Genre de résolution impossible à tenir (à cause des cours dans la semaine et du train vendredi soir): aller voir Delphine et Cécile à Grenoble, au vernissage de la Nouvelle Galerie.


Notes sur NOTES : additif, mai 2002


A relire ces Notes, quelques mois après, je m'aperçois qu'elles auraient pu se poursuivre, et que, en même temps, cette poursuite aurait été vaine.
C'est le propre de la note que de n'avoir pas de forme, de contour prégnant, de début qui en soit un et de fin nette. On ne peut l'ouvrir par une introduction ni la clore dans une conclusion. Elle naît, certainement, comme ces cours d'eaux à résurgences multiples dont on ne trouve jamais l'origine, et qui vont s'étaler en delta, après un cours effiloché et capricieux.
J'ai tenté, très brièvement mais intensément de capter la Note, de la domestiquer en m'exerçant à être informe, de l'ordonner en laissant agir son désordre. Mais la Note ne peut se saisir elle-même. Alors son cours a infiltré la terre dont il ne sortira sans doute pas. Ou bien il a été très rapidement à la mer pour s'y dissoudre.
Car si l'on peut écrire des notes, repérables comme Notes à leurs évitements de toute forme stable, de tout projet univoque, de toute conscience claire, on ne peut saisir toutes les notes sous un minimum de vocables, hormis peut-être ceux d'urgence, d'irrépressibilité, de fragmentation et de polymorphie.

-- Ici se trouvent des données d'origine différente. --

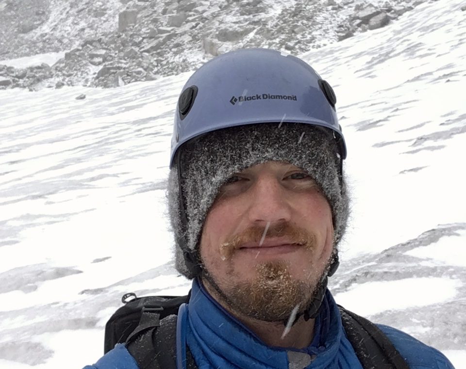 We lost the trail quickly above the bench: it was snow covered and wound its way through an alpine bog that had turned to a thicket of ice traps waiting to drench our socks. We picked a steeper but more reliable passage up a large boulder field. Pausing each time we pulled over another large block to look at the canyon walls, we discovered that the color had changed completely again. Every subtle change in angle of the sun caught a new facet of the landscape, reflecting pink, then purple, then orange, then yellow, then a brilliant gold, and then pink again, off the icy rock faces, snow-dusted scree fields, umber and siena scrub brush, and of course, the heavy storm cloud hanging over the summits to our west.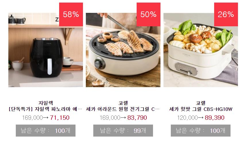 할인 품목 : 청소기, 에어프라이어, 드라이기 등

Note serait une Notion plus qu'un Concept. Hors une Notion flotte dans sa constellation d'attributs. A chaque noteur de pêcher ceux qui lui conviennent. Mais qu'on ne compte pas dire un jour ce qu'elle est. Une ontologique élémentaire conclurait (trop vite?) que si le bulletin NOTES existe bel et bien, on peut le toucher, la Note elle, n'existe sans doute pas.